At 14:08 -0400 on 11 Apr (1397221681), Konrad Rzeszutek Wilk wrote:
> +    /* Calculate the end mfn into this CPU's memory block for this iteration */
> +    if ( r->offset + chunk_size > r->per_cpu_sz ) {
> +        end = r->start + (r->per_cpu_sz * cpu_idx) + r->per_cpu_sz;
> +        if ( r->rem && ((cpumask_weight(&r->cpu) - 1 == cpu_idx )) )
> +            end += r->rem;

I think the outer gate here needs to be a '>=' to handle the case where 
per_cpu_sz % chunk_size == 0 but node_spaned_pages() % per_cpu_sz != 0.

> +    }
> +    else
> +        end = start + chunk_size;
> +

[...]

> +    /* Round default chunk size down if required */
> +    if ( max_per_cpu_sz && chunk_size > max_per_cpu_sz )
> +        chunk_size = max_per_cpu_sz;

Is this necessary?  The worker function should DTRT with a too-large
chunk size.  (Likewise in round #2)

Cheers,

Tim.

^ permalink raw reply	[flat|nested] 13+ messages in thread

* Re: [PATCH v3] Xen: Spread boot time page scrubbing across all available CPU's
  2014-04-11 18:08 ` [PATCH v3] Xen: Spread boot time page scrubbing across all available CPU's Konrad Rzeszutek Wilk
                     ` (2 preceding siblings ...)
  2014-04-13 22:38   ` Tim Deegan
@ 2014-04-14  9:39   ` Jan Beulich
  2014-04-14 15:04     ` Konrad Rzeszutek Wilk
  3 siblings, 1 reply; 13+ messages in thread
From: Jan Beulich @ 2014-04-14  9:39 UTC (permalink / raw)
  To: Konrad Rzeszutek Wilk
  Cc: keir, andrew.cooper3, dario.faggioli, tim, xen-devel, malcolm.crossley

>>> On 11.04.14 at 20:08, <konrad@kernel.org> wrote:

(I'll try to not duplicate comments others already made.)

> --- a/xen/common/page_alloc.c
> +++ b/xen/common/page_alloc.c
> @@ -65,6 +65,12 @@ static bool_t opt_bootscrub __initdata = 1;
>  boolean_param("bootscrub", opt_bootscrub);
>  
>  /*
> + * bootscrub_blocksize -> Size (bytes) of mem block to scrub with heaplock held
> + */
> +static unsigned int __initdata opt_bootscrub_chunk = 128 * 1024 * 1024;

MB(128). Also perhaps better "unsigned long" to allow the value to
be 4Gb or above?
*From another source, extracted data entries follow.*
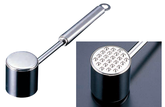
⑥ RÖSLE レズレー 18-10 両面 ミートハンマー12820 〈BMC-25〉 9-0580-0601 ¥7,500 タタキ面:φ46 全長:275
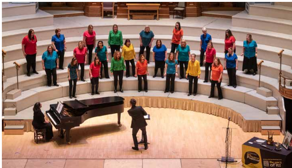
PETERBOROUGH VOICES Peterborough, Lielbritānija / Great Britain
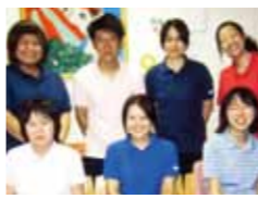
▲リンデンバウムいずみデイ
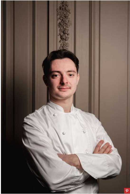
Sadiks And Voltaire
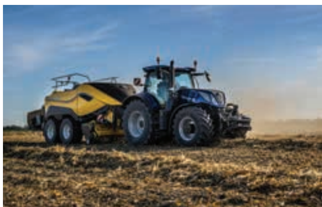
Το τρακτέρ πληροί τα πρότυπα εκπομπών Stage V με σύστημα μετεπεξεργασίας High e-SCR, που βελτιστοποιεί την ισχύ.
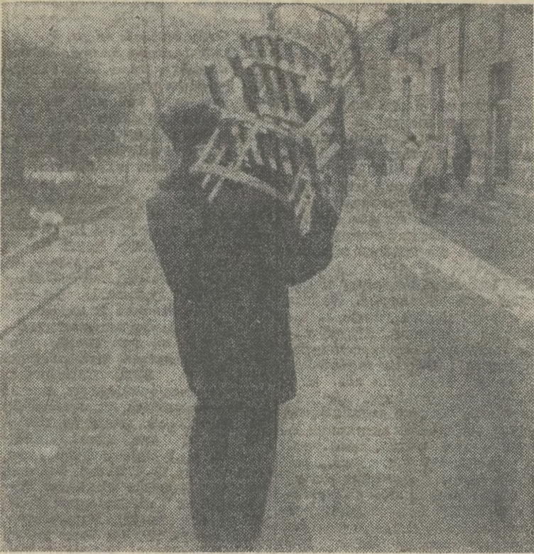
Dobrze, dobrze, ale kto to będzie ciągnął?
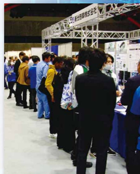
会場の一コマ(R5. 開催時)
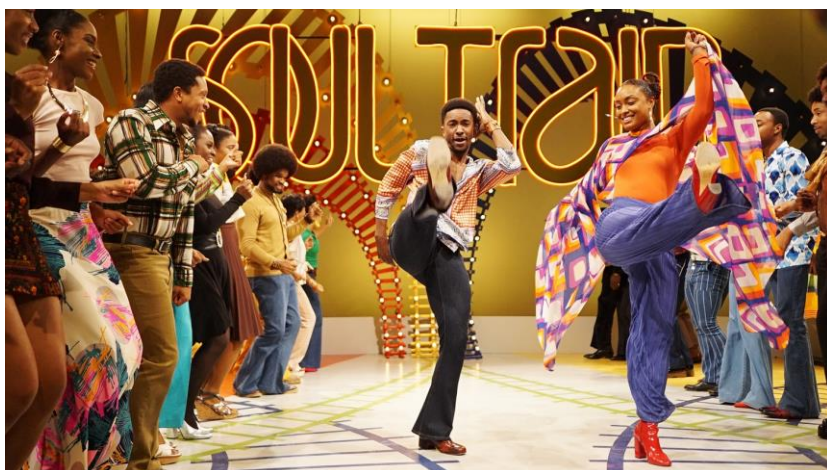
obr. 1 - Soul Train 21

kvalitou či přesným krokem, který dokola opakovali a posouvali se s ním dopředu. Nechyběla podpora ostatních, uvolněná atmosféra a výrazný barevný kostým. 20

Or alternatively make this a page count instead
of a byte one.

> @@ -1256,45 +1272,166 @@ void __init end_boot_allocator(void)
>      printk("\n");
>  }
>  
> +void __init smp_scrub_heap_pages(void *data)

static

> +{
> +    unsigned long mfn, start, end;
> +    struct page_info *pg;
> +    struct scrub_region *r;
> +    unsigned int temp_cpu, node, cpu_idx = 0;
> +    unsigned int cpu = smp_processor_id();
> +
> +    if ( data )
> +        r = data;
> +    else {
> +        node = cpu_to_node(cpu);
> +        if ( node == NUMA_NO_NODE )
> +            return;
> +        r = &region[node];
> +    }
> +    ASSERT(r != NULL);
> +
> +    /* Determine the current CPU's index into CPU's linked to this node*/

There's not just a blank missing here, but also a stop (and similarly on
various other comments).

>  void __init scrub_heap_pages(void)
>  {
> -    unsigned long mfn;
> -    struct page_info *pg;
> +    cpumask_t node_cpus, temp_cpus, all_worker_cpus = {{ 0 }};

No open coding like this please. Either (preferred) use cpumask_clear()
or limit the initializer to {} (thus not depending on other than the fact
that this is a compound type).

> +    unsigned int i, j, cpu, sibling;
> +    unsigned long offset, max_per_cpu_sz = 0;
> +    unsigned long start, end;
> +    unsigned long rem = 0;
>  
>      if ( !opt_bootscrub )
>          return;
>  
> -    printk("Scrubbing Free RAM: ");
> +    /* Scrub block size */
> +    chunk_size = opt_bootscrub_chunk >> PAGE_SHIFT;
> +    if ( chunk_size == 0 )
> +        chunk_size = 1;

This seems awfully low - I'd suggest reverting to the default when the
passed value is zero.

> -    for ( mfn = first_valid_mfn; mfn < max_page; mfn++ )
> +    /* Round #0 - figure out amounts and which CPUs to use */
> +    for_each_online_node ( i )
>      {
> +        /* Calculate Node memory start and end address */
> +        start = max(node_start_pfn(i), first_valid_mfn);
> +        end = min(node_start_pfn(i) + node_spanned_pages(i), max_page);
> +        /* CPUs that are online and on this node (if none, that it is OK */

There's a closing parenthesis missing here.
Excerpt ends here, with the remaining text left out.